Give back exactly the lines from the "Boucles d’oreilles marquise" line to the final line of the records, and only those, minus any pictures.

Stored dataset items:
==================================================

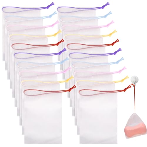 Mozeat Lens - شنطة شبكية لتقشير وحفظ الصابون للصابون اليدوي وشبكة لعمل فوم برباط للاستحمام والدش من موزيات لينس، مكونة من 20 قطعة
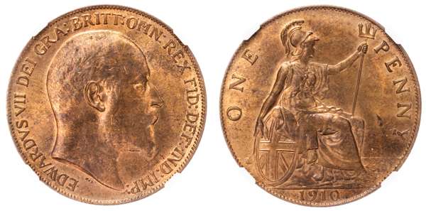 Barehead right, rev. Britannia seated with shield and trident, (Fr.170, dies 2+E; BMC.2219; S.3990). Virtually full red mint lustre. Encapsulated by NGC as MS64 RB.
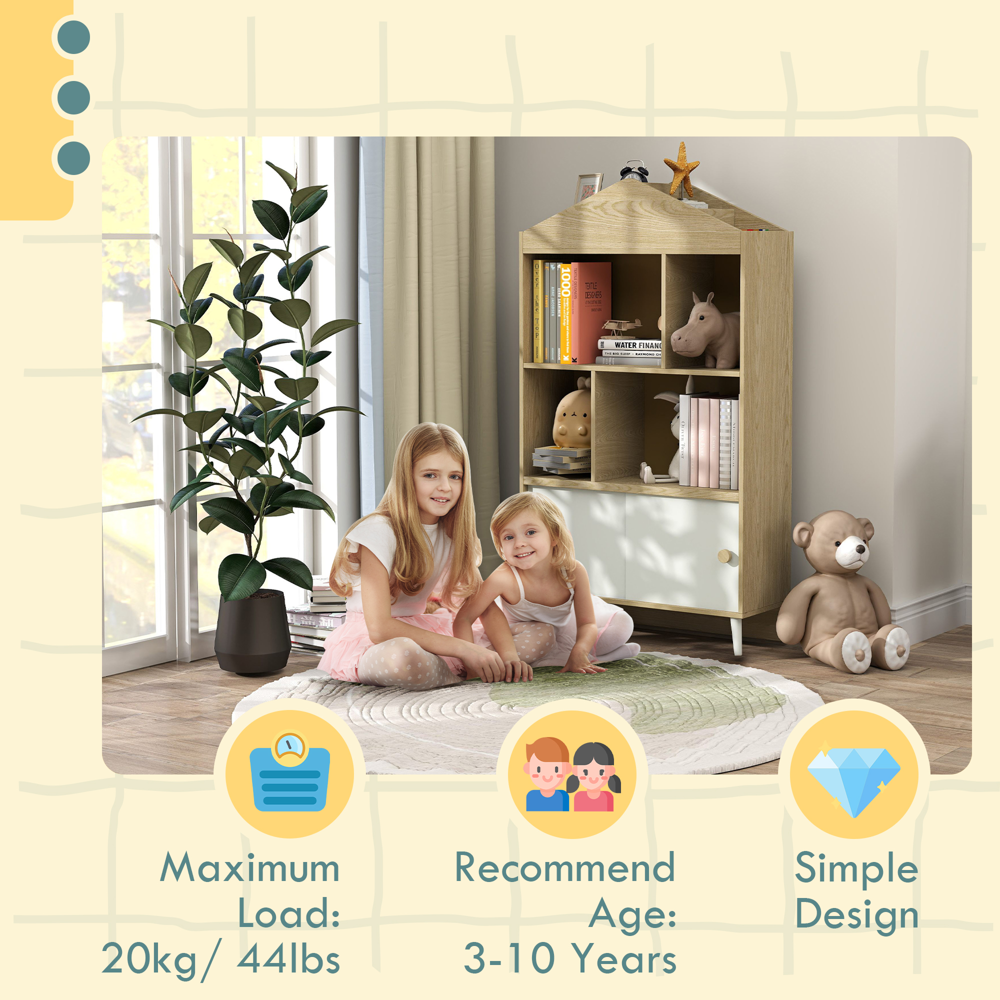 - Versatile and Stylish: This toy storage shelf fits beautifully in any child's room, playroom, or bedroom, blending functionality with a natural wood finish esthetic
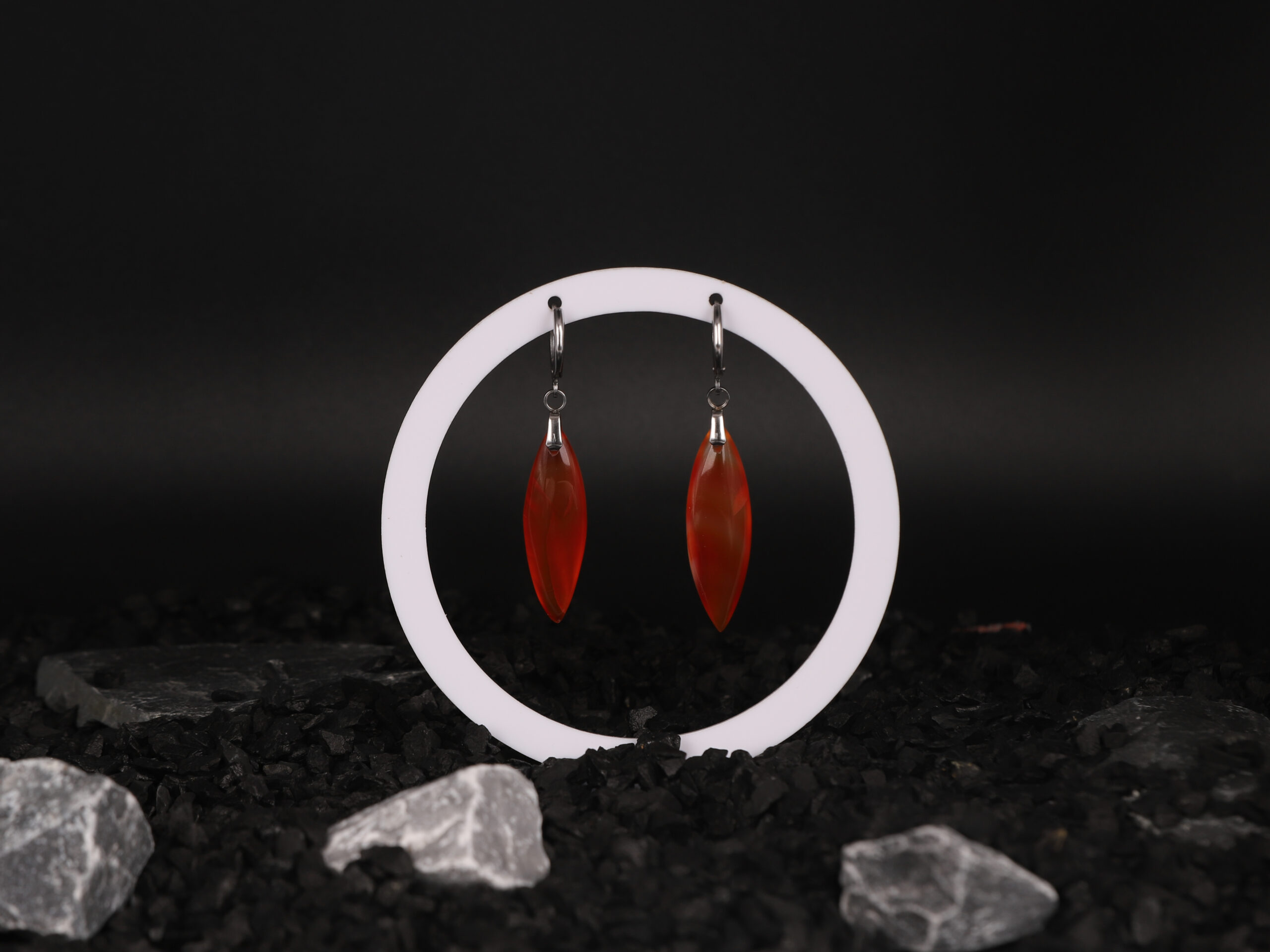 Boucles d’oreilles marquise en Cornaline attache ronde
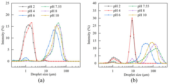 Particle size distribution of BBC emulsions under different pH conditions. (a) Particle size distribution on day 0. (b) Particle size distribution after 7 days of storage.

==================================================

◆ Output of the exercise ◆
 Boucles d’oreilles marquise en Cornaline attache ronde
 Particle size distribution of BBC emulsions under different pH conditions. (a) Particle size distribution on day 0. (b) Particle size distribution after 7 days of storage.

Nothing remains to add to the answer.